U.S. stocks staged a comeback as the closing bell neared after a rally in short-term Treasury bills highlighted concerns about the effectiveness of the Federal Reserve's move to boast liquidity by cutting its discount rate.

"It's not your father's bull market anymore." Elliot Spar, Stifel Nicolaus & Co.
Volume at the New York Stock Exchange hit 1.3 billion shares, with advancing stocks outpacing decliners 9 to 7.

At the Nasdaq, nearly 1.5 billion shares exchanged hands, with advancing stocks edging ahead of decliners 15 to 14.
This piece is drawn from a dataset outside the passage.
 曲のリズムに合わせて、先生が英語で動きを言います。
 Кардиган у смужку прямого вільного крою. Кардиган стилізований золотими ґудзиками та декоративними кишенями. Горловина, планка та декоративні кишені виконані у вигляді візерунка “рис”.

"Liquidity is not yet flowing to those areas of the credit markets that need liquidity most, such as toward the mortgage market and the commercial paper markets," said Tony Crescenzi, fixed-income analyst at Miller Tabak. "Yields have plunged sufficiently enough today to indicate that the psychotic atmosphere that has gripped the financial markets recently remains in place."
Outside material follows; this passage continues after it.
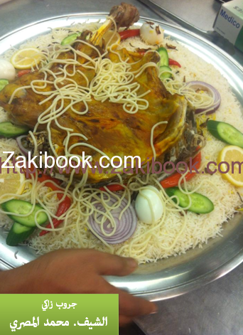– بعد ما يستوى أعطى اللحم صفار زعفران وتدخل الفرن تأخذ وجه مذهب وجميل ثم احضر الصحن أشيل وجه الأرز على جانب اغرف الأرز في الصحن على الوجه المكونات الى عندي ثم الحم، ومكرونة سباجتي للجرنش مع بيض مسلوق. وقشطة كده.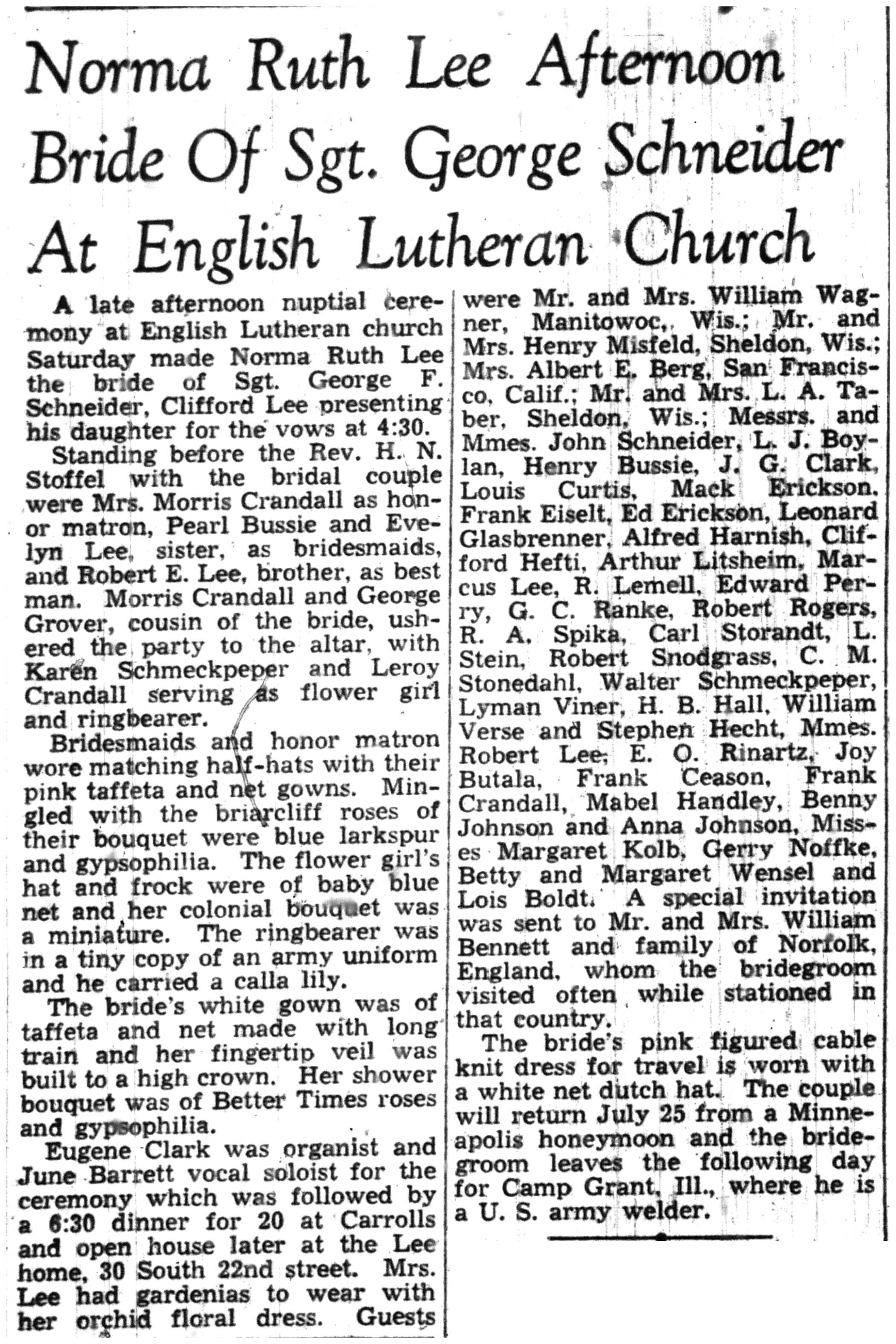 | 1945-7-19 | La Crosse Tribune p12 | |

Yields on Treasury bills declined sharply as money market funds unloaded asset-backed commercial paper in exchange for the shortest-maturity government debt, with three-month yields down the most since the 1987 market crash.

"Heavy buying, particularly in the very shortest dated Treasury bills at rates below 2% reflected craven fear," said analysts at Action Economics LLC. "Investors were reportedly getting out of even supposedly 'safe' money markets, and taking cover in T-bills, especially after several 'enhanced" money market funds were hurt by their exposure to the now shaky commercial paper market."

The latest reminder of the trouble sparking the credit crunch now roiling the markets came from Thornburg Mortgage Inc. which said it sold a "substantial" part of its triple-A-rated mortgage securities portfolio.

Thornburg, a residential-mortgage lender focused on jumbo adjustable-rate loans, will report a third-quarter capital loss of about $930 million as a result of the mortgage-securities sales, the company said in a statement. Thornburg's stock fell 9.8%.

"When we get fresh evidence of what is going wrong, the markets tend not to be able to hold onto any gains," said Art Hogan, chief market strategist at Jefferies & Co.
Others impacted by the global credit crunch include FCStone Group Inc. which on Monday said it anticipates a $3.5 million charge after losing 25% of its investment with Sentinel Management Group, which filed for bankruptcy on Friday.

Stunted growth?

With investors focused on developments in the credit markets, the market displayed little reaction to an indication of slow growth for the rest of the year, with U.S. leading economic indicators increasing 0.4% in July, according to the Conference Board.